El hombre me condujo al sofá y me hizo sentar, él tomó asiento detrás del escritorio. Abrió ambas manos y me mostró las palmas indicándome que aguardara. Esbozó una sonrisa para expresar «lo siento» y levantó un dedo en vez de decir «no tardará mucho». Parecía que podía transmitir a su interlocutor lo que quisiera aunque no usara palabras. Asentí con un movimiento de cabeza para mostrarle que lo había entendido. Me daba la sensación de que era vulgar e impropio hablar ante él.

El joven tomó cuidadosamente el libro que estaba junto al ordenador, como si sujetara un objeto frágil, y lo abrió por la página que estaba leyendo. Era un libro grueso y muy negro. Como no llevaba cubierta no podía saber el título, pero desde el instante en que lo abrió, quedó absorto en su lectura. Parecía haber olvidado por completo que yo estaba delante. También a mí me apetecía leer algo para matar el tiempo, pero no había nada.

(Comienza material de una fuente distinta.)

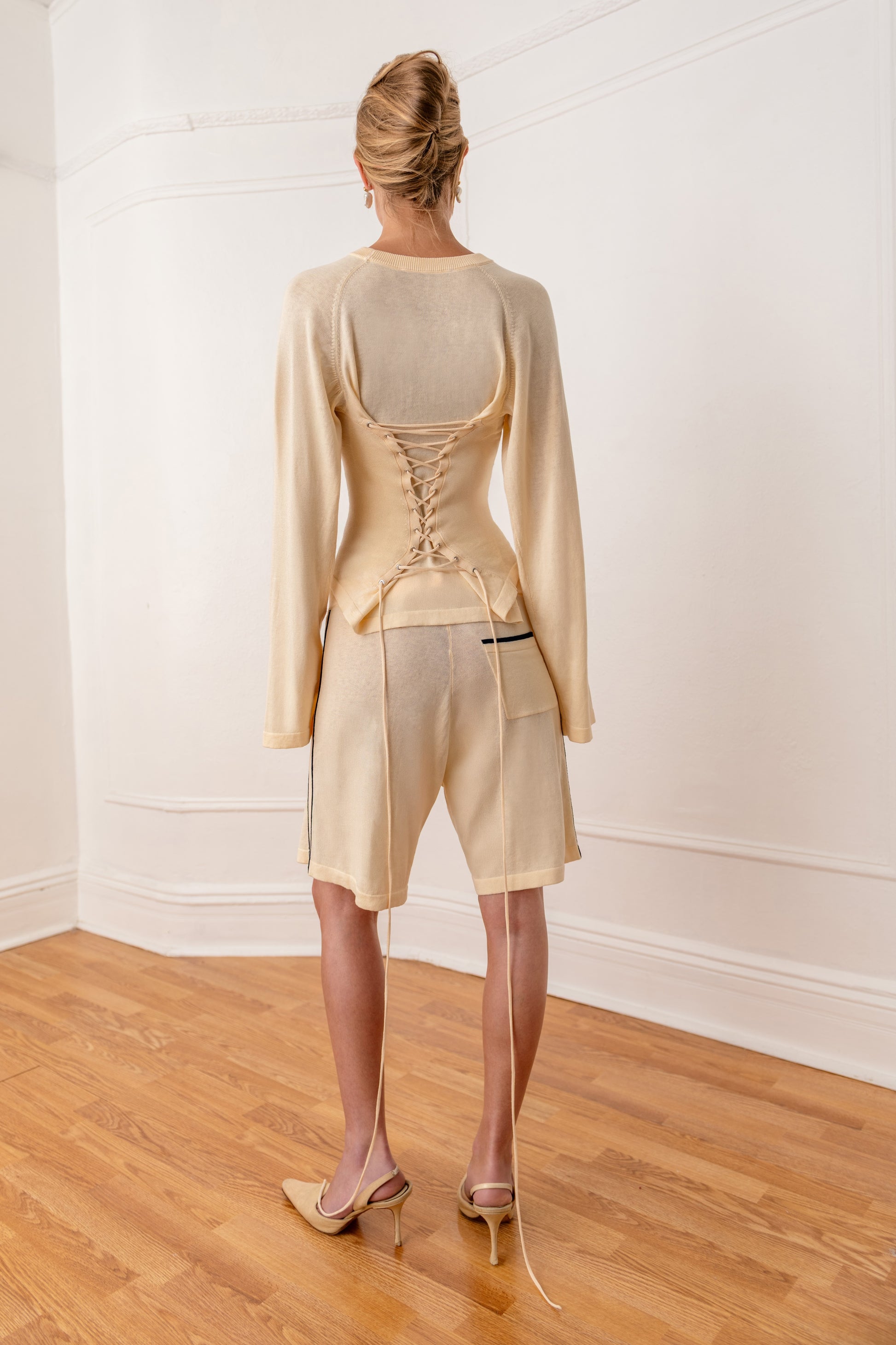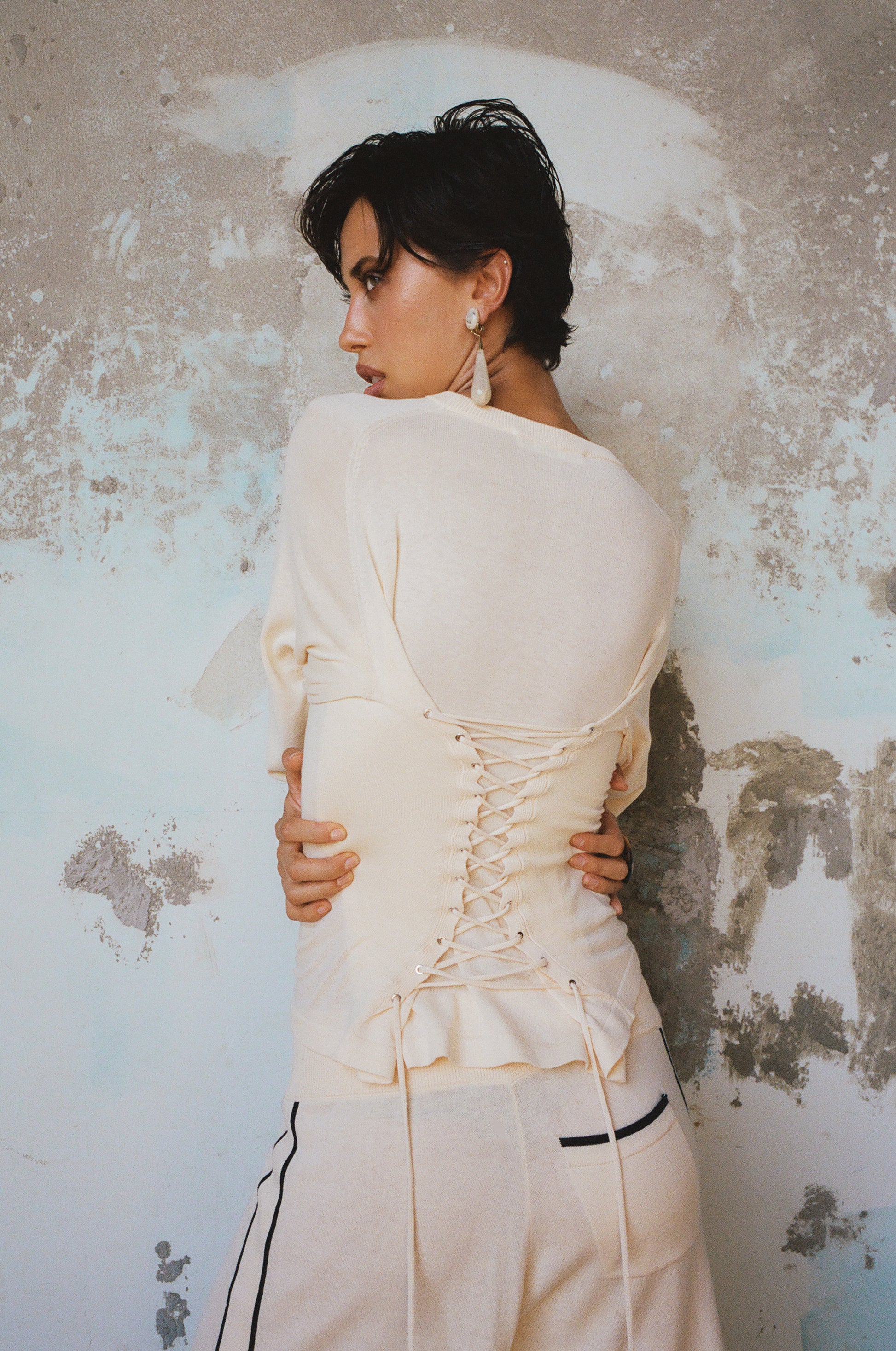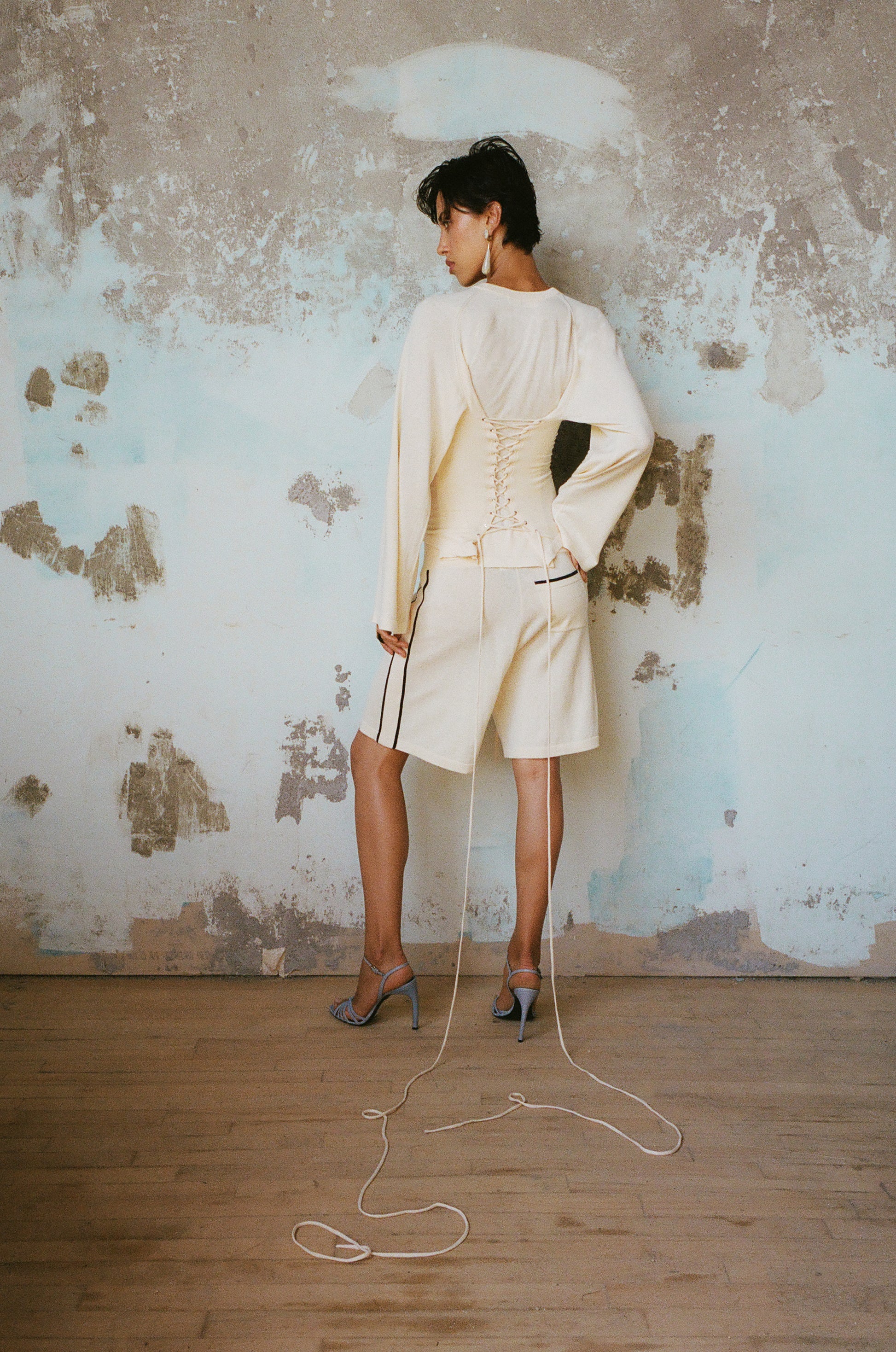Sporty and feminine, this reversible raglan shirt is inspired by vintage American heritage sportswear. A corset-inspired lace-up cinches the waist whether worn front or back, balancing athletic edge with effortless femininity. Crafted from a soft cotton and silk blend that mimics the broken-in feel of a well-loved vintage jersey, it’s as comfortable as it is polished. Finished in timeless navy and antique cream.
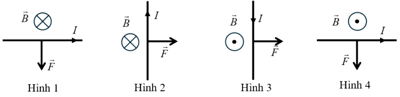 Hình nào dưới đây biểu diễn đúng chiều của lực từ $\overset{\rightarrow}{F}$ tác dụng lên dây dẫn mang dòng điện đặt trong từ trường đều?
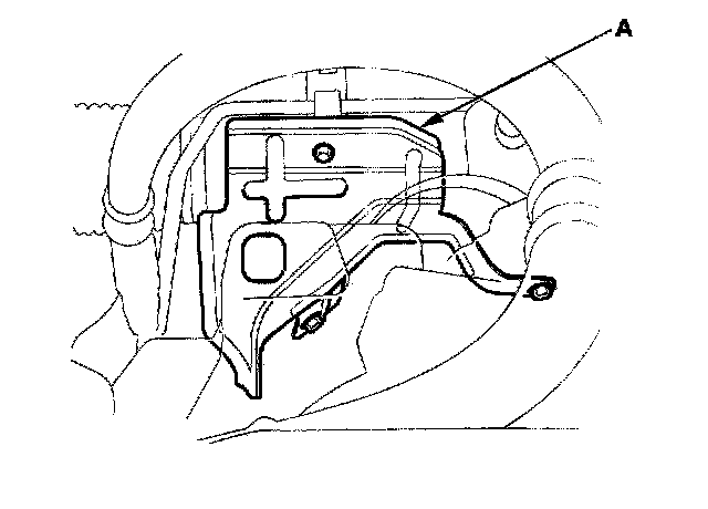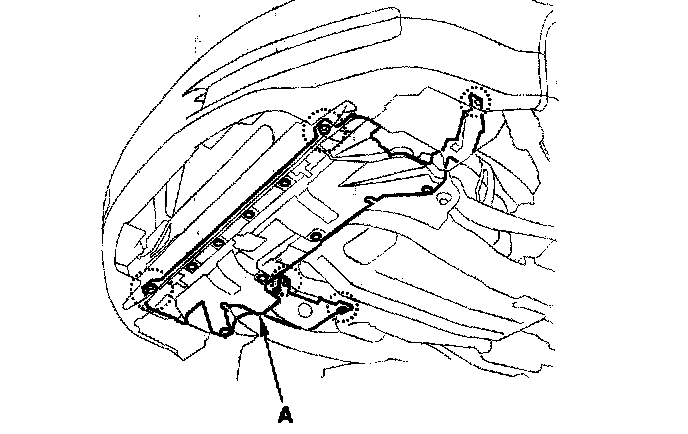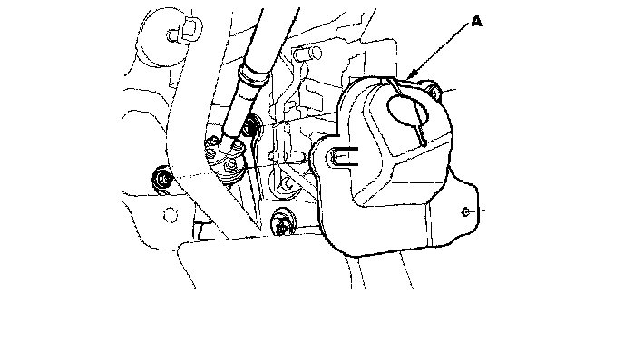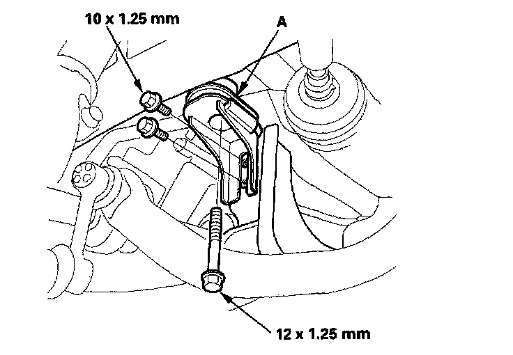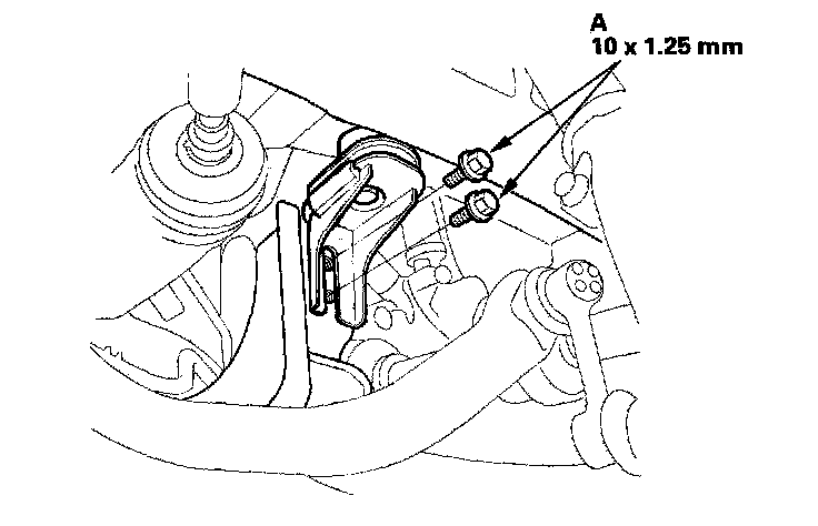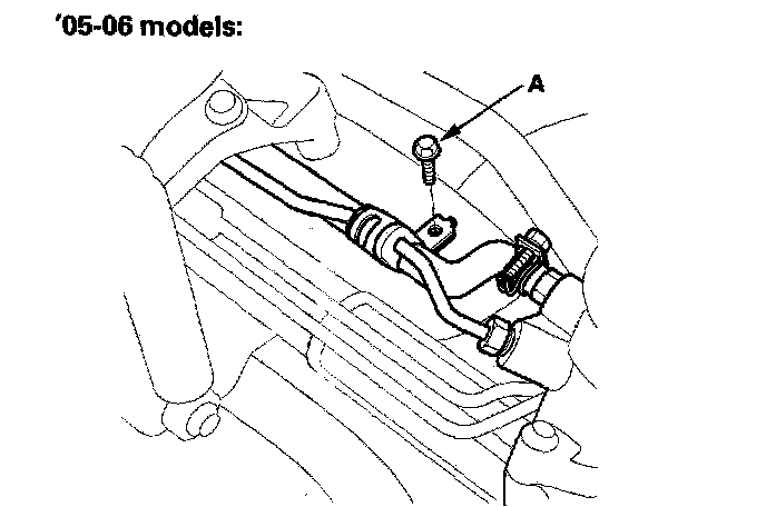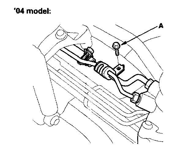 23. Remove the feed line holder mounting bolt (A) on the front suspension subframe.
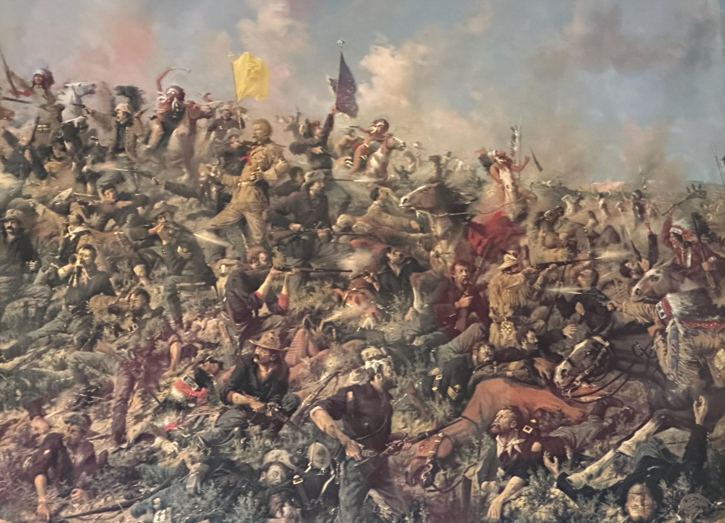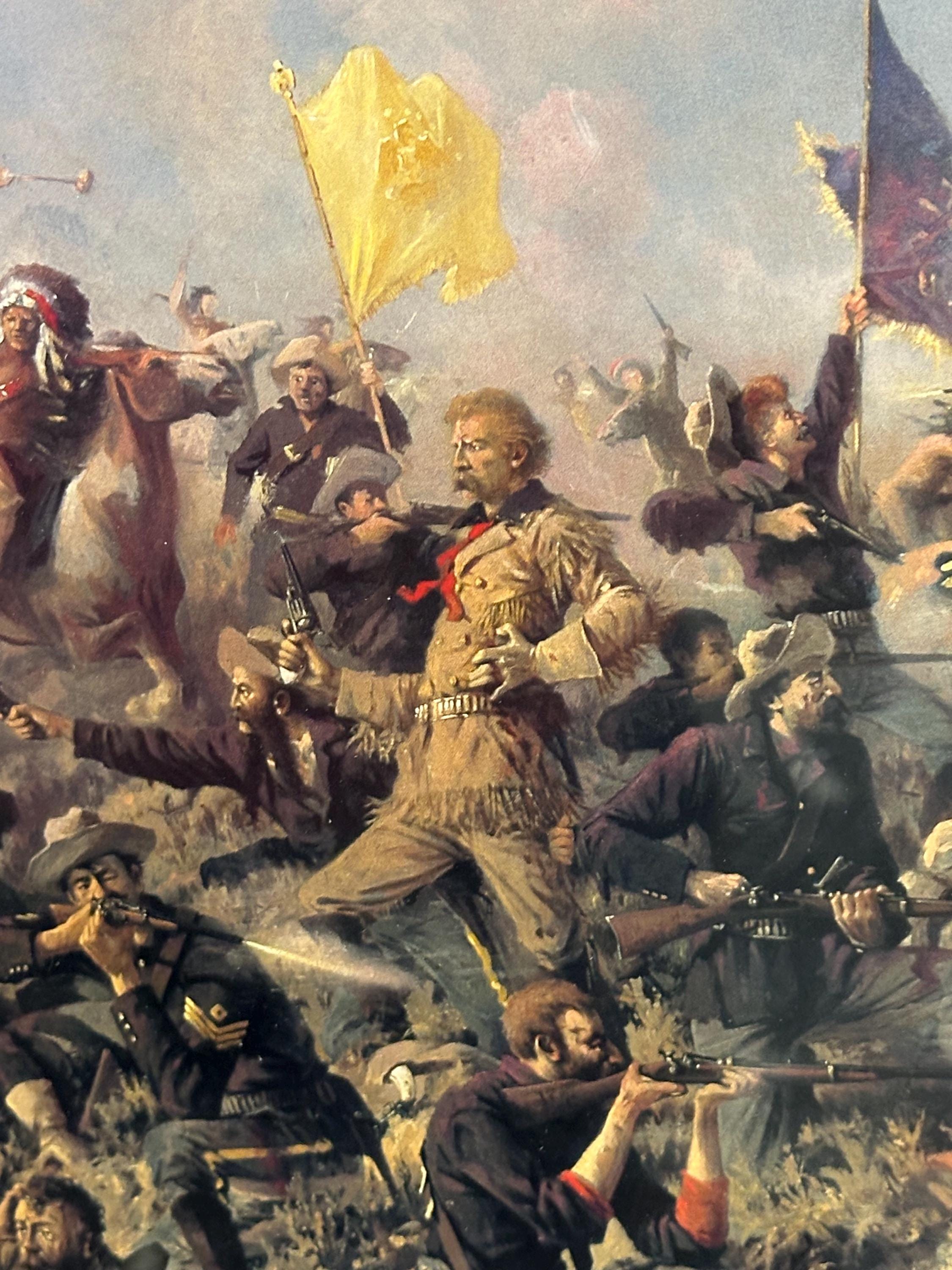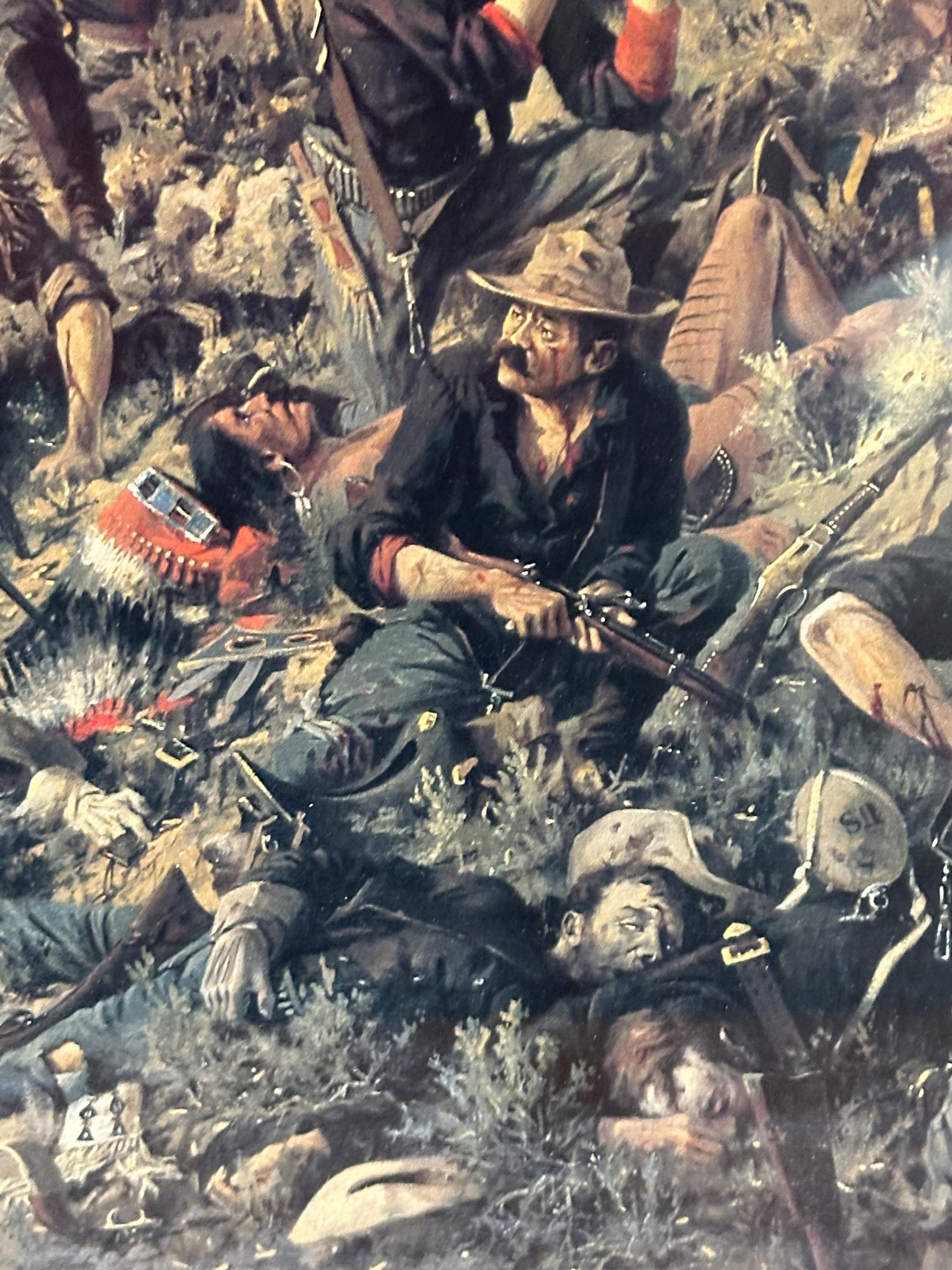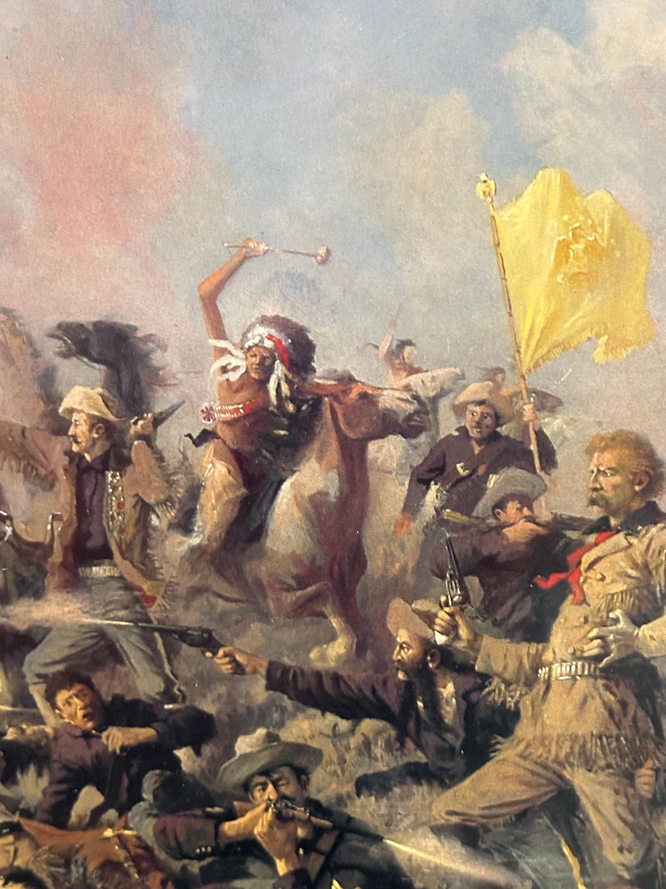The scene is packed with action—cavalry soldiers, Native American warriors, raised flags, smoke, horses, and the chaos of battle—making it a captivating and powerful display piece.

Me conformé con escuchar la música de Haydn (aunque dudaría si me preguntaran si realmente era Haydn) arrellanado contra el respaldo del sofá y con las piernas cruzadas. Era una música que daba la sensación de ser absorbida en el aire y desaparecer conforme sonaba, pero no me desagradaba. En la mesa, aparte del ordenador, había un teléfono negro normal, una bandeja para los lápices y un calendario de mesa.

Yo llevaba ropa parecida a la del día anterior: chaqueta de béisbol, parca, pantalones tejanos, zapatillas de tenis. De hecho me había puesto lo primero que había encontrado. Pero allí, frente a ese joven guapo y aseado en aquella habitación limpia, mis zapatillas de tenis se veían demasiado sucias y gastadas. No, no sólo lo parecían. Realmente estaban sucias y gastadas. Los talones gastados, el color había mudado a gris, incluso tenían un agujero en un costado. Las zapatillas estaban impregnadas, fatalmente, de mis vivencias. En realidad, durante aquel último año las había llevado cada día. Con aquellas zapatillas había saltado el muro de la parte posterior de mi casa, había cruzado el callejón pisando excrementos de animales e incluso me había metido en el pozo. No era extraño que estuvieran sucias y gastadas. Pensándolo bien, no había vuelto a fijarme en qué zapatos me ponía desde que había dejado el trabajo. Pero ahora, al mirarlas, tuve conciencia vívida de lo solo que me había quedado, de lo apartado que estaba del resto del mundo. Pensé que había llegado el momento de comprarme un par de zapatos nuevos. Estaban hechas un asco.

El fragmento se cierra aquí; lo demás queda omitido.